• _The data_
==================================================

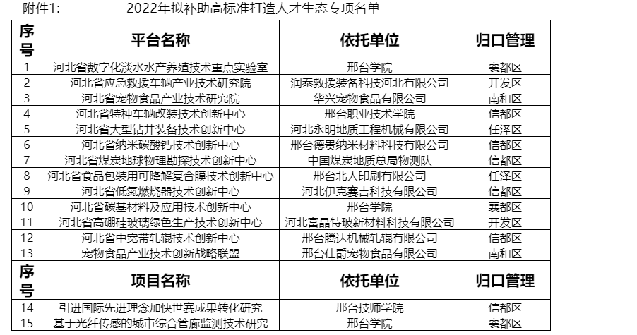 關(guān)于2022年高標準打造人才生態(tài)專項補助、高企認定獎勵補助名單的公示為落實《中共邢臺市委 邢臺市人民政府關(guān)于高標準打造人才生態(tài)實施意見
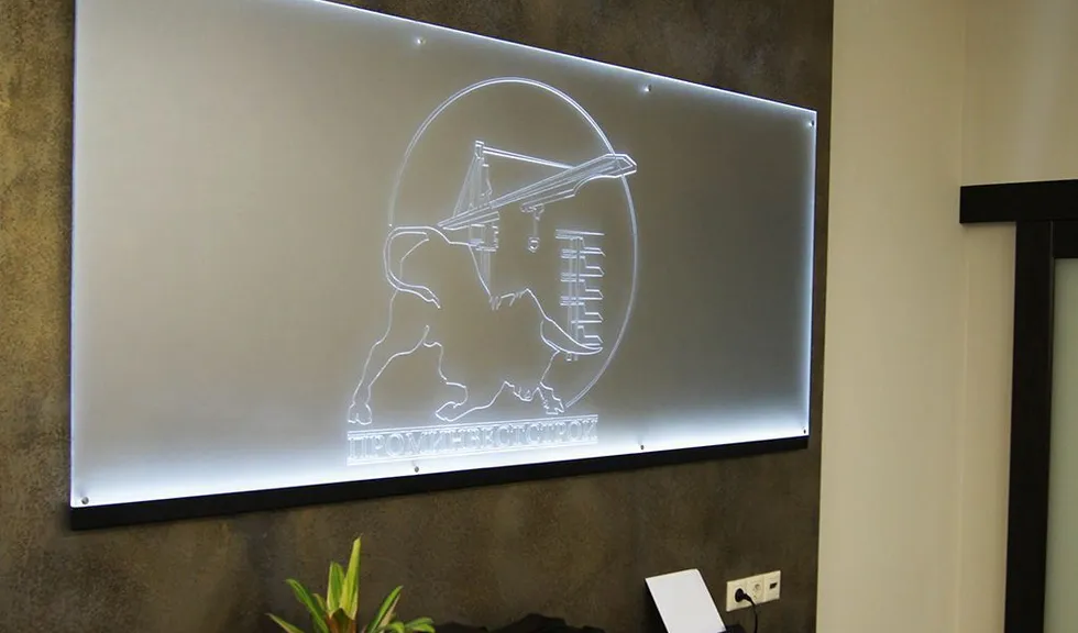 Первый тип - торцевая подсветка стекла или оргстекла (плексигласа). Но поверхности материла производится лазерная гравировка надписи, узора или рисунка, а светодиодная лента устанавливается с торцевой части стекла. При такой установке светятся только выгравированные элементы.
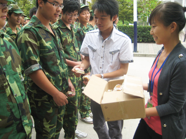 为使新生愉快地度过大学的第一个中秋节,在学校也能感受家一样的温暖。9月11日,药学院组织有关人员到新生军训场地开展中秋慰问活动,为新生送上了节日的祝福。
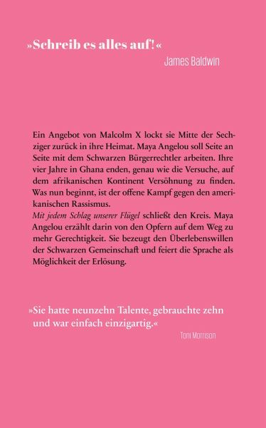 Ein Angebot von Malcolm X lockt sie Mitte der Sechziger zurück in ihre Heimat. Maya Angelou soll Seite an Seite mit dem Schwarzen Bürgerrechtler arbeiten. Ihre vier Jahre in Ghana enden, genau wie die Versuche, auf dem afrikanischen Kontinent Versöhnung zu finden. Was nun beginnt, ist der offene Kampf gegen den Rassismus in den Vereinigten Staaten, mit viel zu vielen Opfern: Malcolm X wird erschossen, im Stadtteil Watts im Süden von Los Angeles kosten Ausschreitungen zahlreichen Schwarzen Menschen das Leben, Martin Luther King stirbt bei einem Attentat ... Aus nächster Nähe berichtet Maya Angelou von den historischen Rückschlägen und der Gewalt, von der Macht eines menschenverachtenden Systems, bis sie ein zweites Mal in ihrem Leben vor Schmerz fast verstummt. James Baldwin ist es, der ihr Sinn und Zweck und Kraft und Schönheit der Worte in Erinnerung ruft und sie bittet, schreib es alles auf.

==================================================

• _Your objective_
Print the data above exactly, minus pictures.

• _Answer section_
 關(guān)于2022年高標準打造人才生態(tài)專項補助、高企認定獎勵補助名單的公示為落實《中共邢臺市委 邢臺市人民政府關(guān)于高標準打造人才生態(tài)實施意見
 Первый тип - торцевая подсветка стекла или оргстекла (плексигласа). Но поверхности материла производится лазерная гравировка надписи, узора или рисунка, а светодиодная лента устанавливается с торцевой части стекла. При такой установке светятся только выгравированные элементы.
 为使新生愉快地度过大学的第一个中秋节,在学校也能感受家一样的温暖。9月11日,药学院组织有关人员到新生军训场地开展中秋慰问活动,为新生送上了节日的祝福。
 Ein Angebot von Malcolm X lockt sie Mitte der Sechziger zurück in ihre Heimat. Maya Angelou soll Seite an Seite mit dem Schwarzen Bürgerrechtler arbeiten. Ihre vier Jahre in Ghana enden, genau wie die Versuche, auf dem afrikanischen Kontinent Versöhnung zu finden. Was nun beginnt, ist der offene Kampf gegen den Rassismus in den Vereinigten Staaten, mit viel zu vielen Opfern: Malcolm X wird erschossen, im Stadtteil Watts im Süden von Los Angeles kosten Ausschreitungen zahlreichen Schwarzen Menschen das Leben, Martin Luther King stirbt bei einem Attentat ... Aus nächster Nähe berichtet Maya Angelou von den historischen Rückschlägen und der Gewalt, von der Macht eines menschenverachtenden Systems, bis sie ein zweites Mal in ihrem Leben vor Schmerz fast verstummt. James Baldwin ist es, der ihr Sinn und Zweck und Kraft und Schönheit der Worte in Erinnerung ruft und sie bittet, schreib es alles auf.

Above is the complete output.